Don’t get me wrong. When it’s my dad or my real uncles, or even men I trust, I run to them for hugs and like those hugs. But I was already annoyed by this guy and even more creeped out. I know what the average Indian male of that generation is like. No public displays of affection ever, and they’ve been taught that if their wives aren’t in the mood, that they can just use them for sex anyway. They don’t respect women.
And the last thing - yeah, I definitely felt like an outsider in my own family. I’m happy for them and sad for me. It’s like this:
My aunt Pia has always had my sister and now my brother-in-law now, as her family. They are willing to totally sacrifice their privacy as well as any individual thought. They are now a unit. They do everything together and spend all their time together, except for work of course. I can’t live like that. I’m happy that they have found each other and are genuinely happy. I’m also sad when I see them - if my personality had been a little different or theirs perhaps, I could have been closer to my family. It’s just a matter of feeling like an outsider in my own family, I guess.

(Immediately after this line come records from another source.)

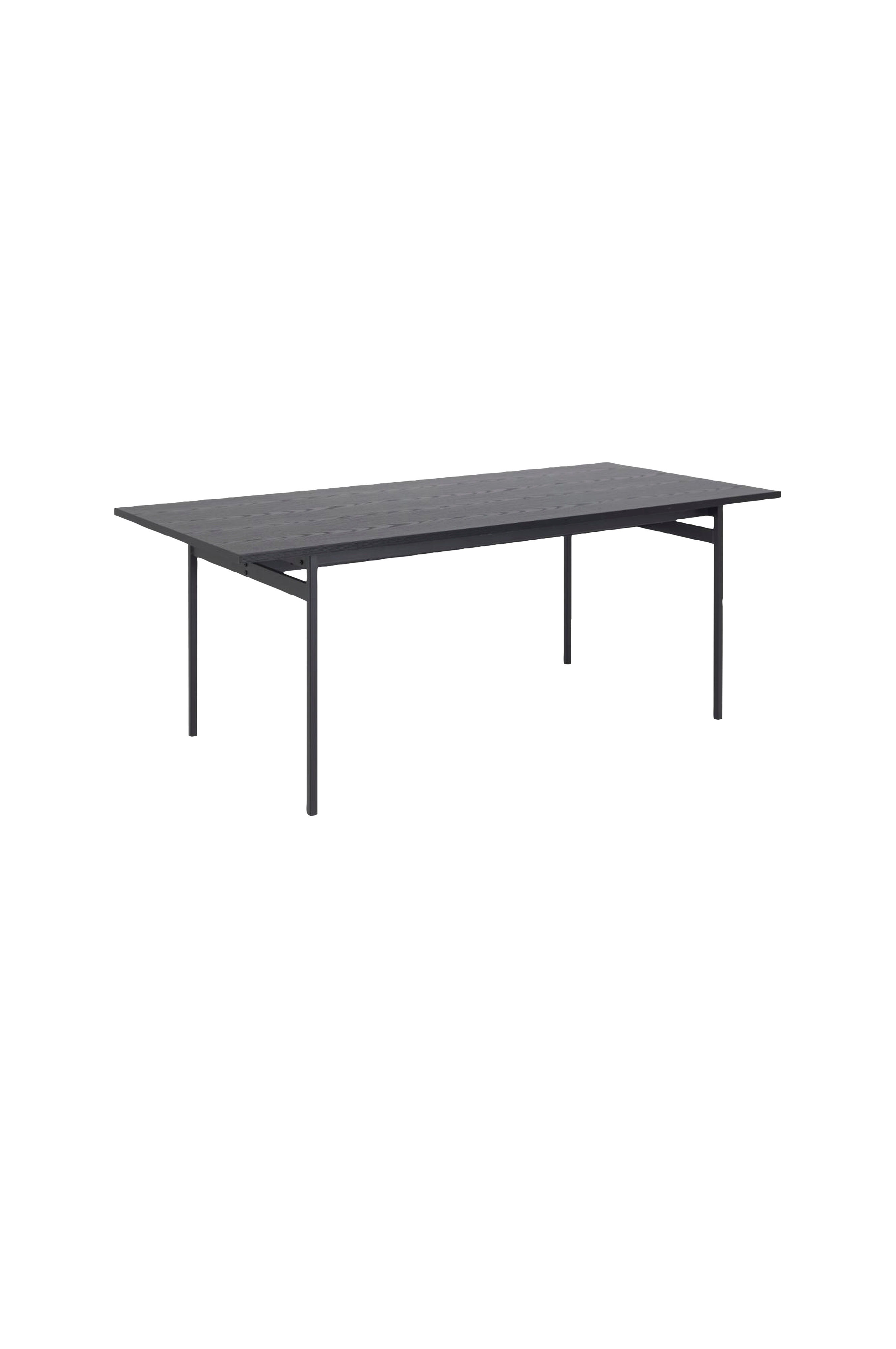 Spisebord med rene linjer og lett tekstur, et kult, moderne tilskudd til enhver stue. Pulverlakkerte metallben og svart bordplate av ask. La det moderne spisebordet stå i sentrum av spisegruppen.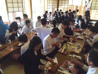 11時40分、「宗陶苑」の茶室で昼食【写真左】をいただきました。おにぎり、焼きそば、唐揚げなどが入ったお弁当でした。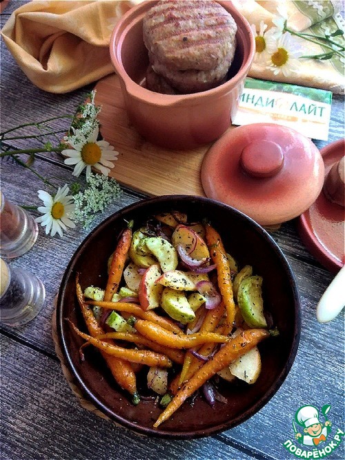 Котлеты с индейкой с добавлением яблока к запечённым пряным овощам: молодой моркови; кабачку с луком и чесноком и яблоку. Продёрнули морковку на грядке, не выбрасывайте даже если она очень мелкая. Такую морковь хорошо запечь с пряными травами. Очень душевно!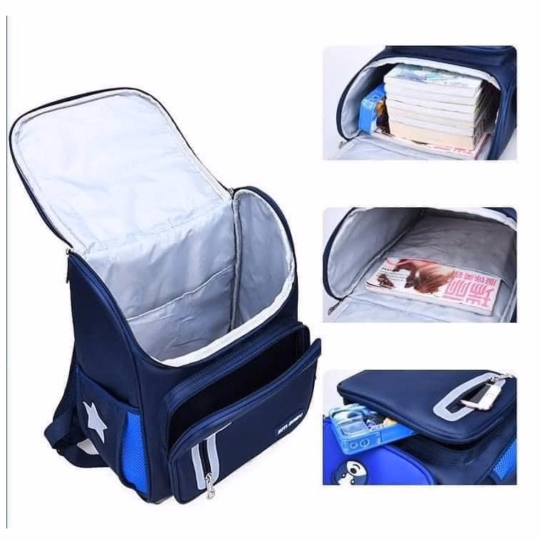 Cặp có form hộp, thiết kế với cấu tạo phù hợp với đường cột sống của bé, cơ chế chống gù hiệu quả.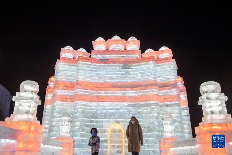 12月17日,旅客在哈尔滨冰雪大宇宙园区游览。当日,第24届哈尔滨冰雪大宇宙迎来试开园。新华社记者 王松 摄
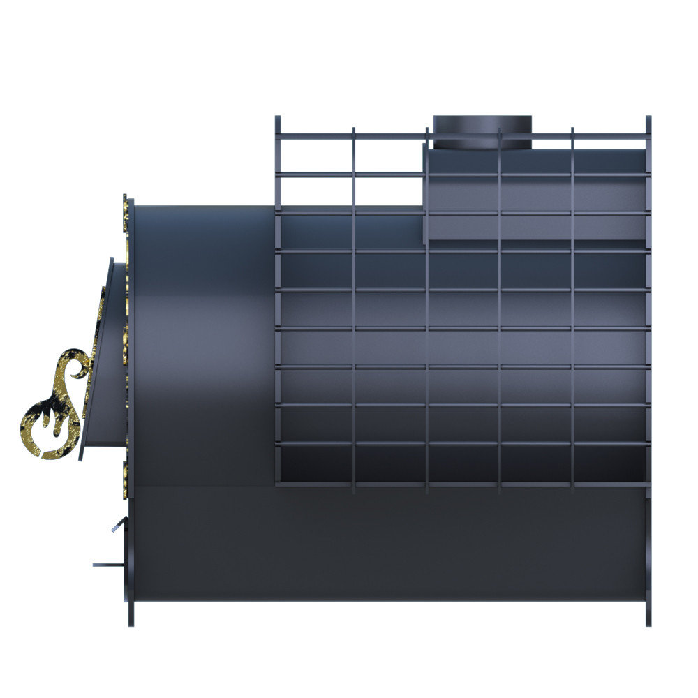 Конструкция «Елисей Премиум» в комплекте с чугунной дверкой и панорамным стеклом для лучшего контроля над сгоранием топлива. Встроенный колосник 8 мм рассчитан на весь срок службы печи. Топка (толщиной 8-10 мм) не поддается деформации от горения более чем 15 лет, чему способствует качественная сталь, используемая в производстве наших печей.
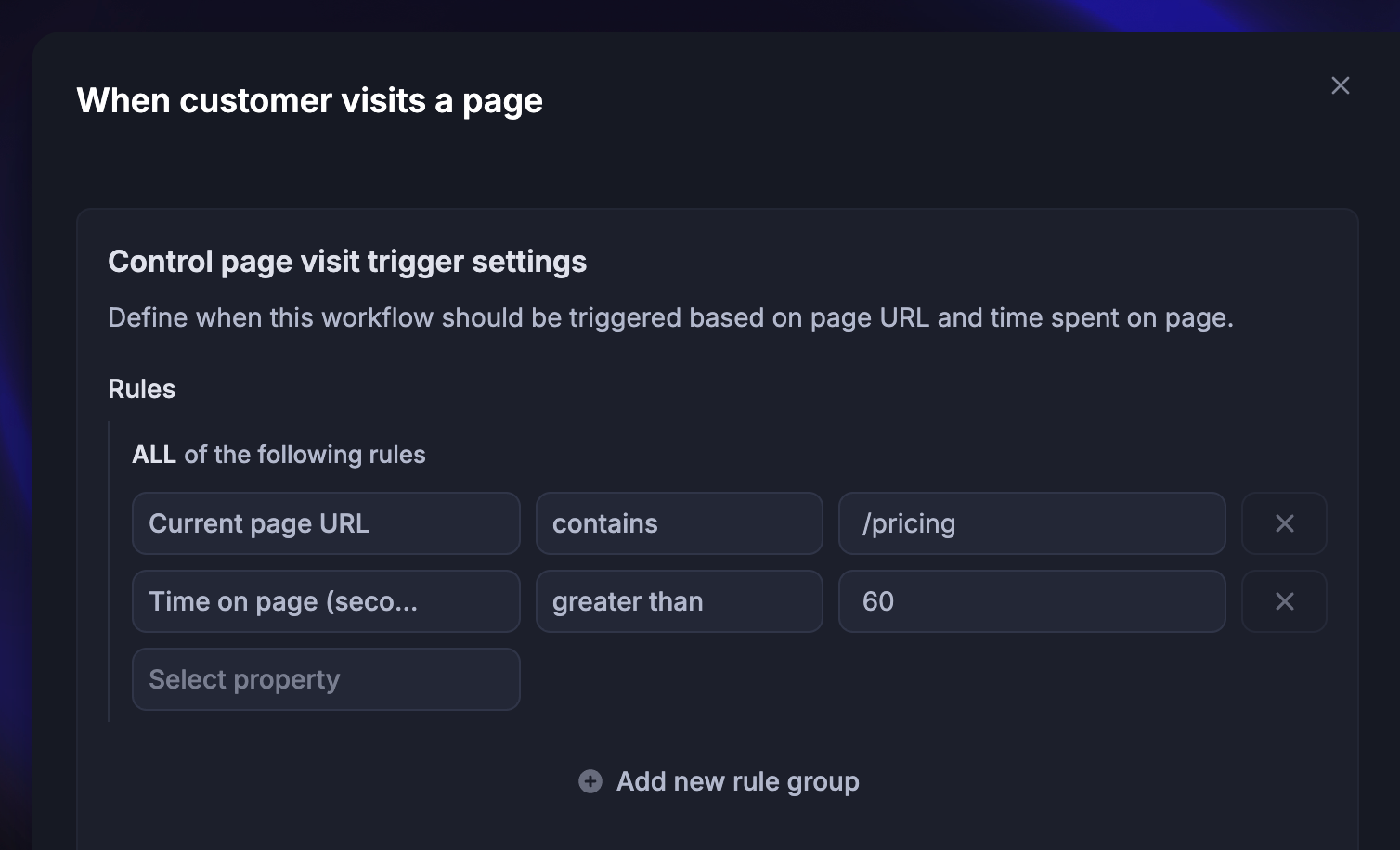 Next, you can control where a Workflow triggers with rules such as Time on page or URL. The workflow will only trigger when these conditions are met.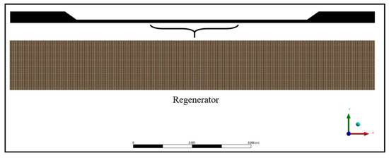 To simplify the case and reduce computational time, the flow can be assumed to be 2D axisymmetric as the flow variations are more significant in both axial and radial directions only. The 2D model for CFD simulation is modeled using an Ansys Design Modeler, and a schematic diagram of the computational geometry is shown in Figure 6. The design consists of three main parts: hot- and cold-end bellow, regenerator, and pipe for flow to achieve entrance length. A uniform quadrilateral mesh of elements has been developed, and it is shown in Figure 7, which is a zoom of the mesh structure for a clear visibility of the mesh. After a thorough grid-independent test, it is found that a further increment in the number of grids does not have any effect on the results. Figure 8 shows the boundary conditions used in the numerical study. No slip boundary condition is used for all the walls of the bellows, regenerator, and pipe. The oscillatory velocity boundary conditions are realized at the hot end and cold-end bellows through a user-defined function where the axial velocity, , is specified as , where L is the swept length and is the angular frequency of the bellow.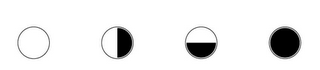The mark consists of Four circles in a row. The first is empty, the second is filled in on its right half, the third is filled on its bottom half, and the fourth is completely filled in.

But that’s not a new feeling, is it?
Anyway. Starting tomorrow I will go into more detail about the actual trip. As I said, it was fun, but all this stuff stopped it from being really fun.
Until then, a joke that my aunt Pia told me. To my surprise, mildly dirty.
A guy decided he was going to treat himself and bought himself two pairs of satin under-shorts. He got home, and decided, everybody does it, why not him? He decided to take a walk around the neighborhood in just his t-shirt and the new shorts.
But, in his excitement, he forgot to put on the shorts! So here he was, walking around the neighborhood with everything flapping in the breeze. Everybody kept looking at him, and he, thinking they were looking at his lovely new shorts, shouted, “You like this? That’s nothing! I’ve got another one at home!”